По протоптанным в снегу дорожкам со всех сторон проворно подходили городские чиновники с женами и дочерьми, бежали, скользя и падая, простолюдины.
За две версты от Полтавы Долгоруков, встреченный генералами и штаб-офицерами, пересел в открытые сани. Под звучные пушечные залпы, под густое и протяжное «Виват!» замерзших, а поэтому особенно страстно кричавших солдат, он промчался по накатанной колее, принял на площади от местного начальства хлеб-соль и, испытывая душевный подъём от торжественной встречи, от ладно выстроенных, хорошо обмундированных воинов, пробасил многозначительно:
— С такими молодцами турков до самого Царьграда погоним! Да и крымцев заодно присмирим, ежели на то нужда будет!..
К Долгорукову в армии относились по-разному: солдатам и многим офицерам, тянувшим лямку невзгод и лишений, неизбежных в походной армейской жизни, он нравился своим бесхитростным, грубоватым нравом; генералы и штаб-офицеры, из тех, кто был особенно щепетилен в вопросах чести и этикета, считали, что мужичьи повадки унижают достоинство князя и генерала. В Долгорукове удивительным образом смешались породистость старинного княжеского рода с разящей малограмотностью и простотой.

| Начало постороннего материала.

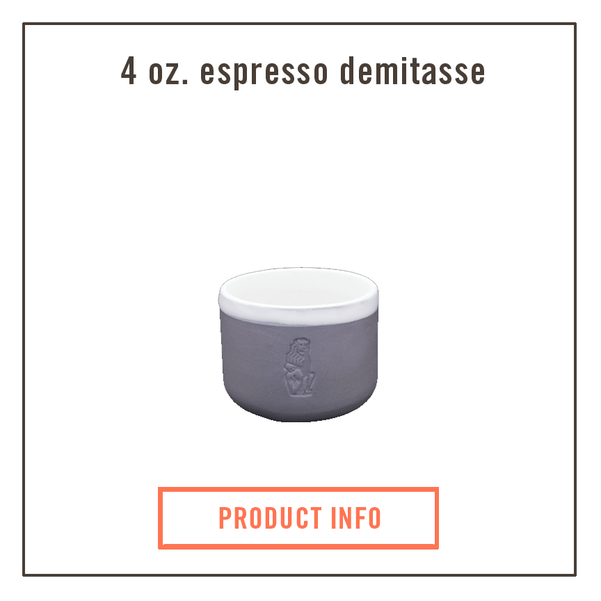 The 4 oz. demitasse ($22) is the perfect size and shape to sip and swirl an espresso or enjoy a macchiato from. The extra space in the cup allows for swirling and sensing aroma in the espresso.

Назначение командующим Второй армией Василий Михайлович воспринял как должное, с сознанием наконец-то свершившейся справедливости. В свое время замена Румянцева Петром Паниным больно ударила по самолюбию князя. Когда-то они вместе брали Перекоп, генерал-майорами состояли при Санкт-Петербургской дивизии; Долгорукова на два года раньше произвели в генерал-поручики, а в итоге Панин не только догнал его в чине, но и обошел по службе. Этого Василий Михайлович вынести не мог — подал Екатерине прошение об увольнении из армии.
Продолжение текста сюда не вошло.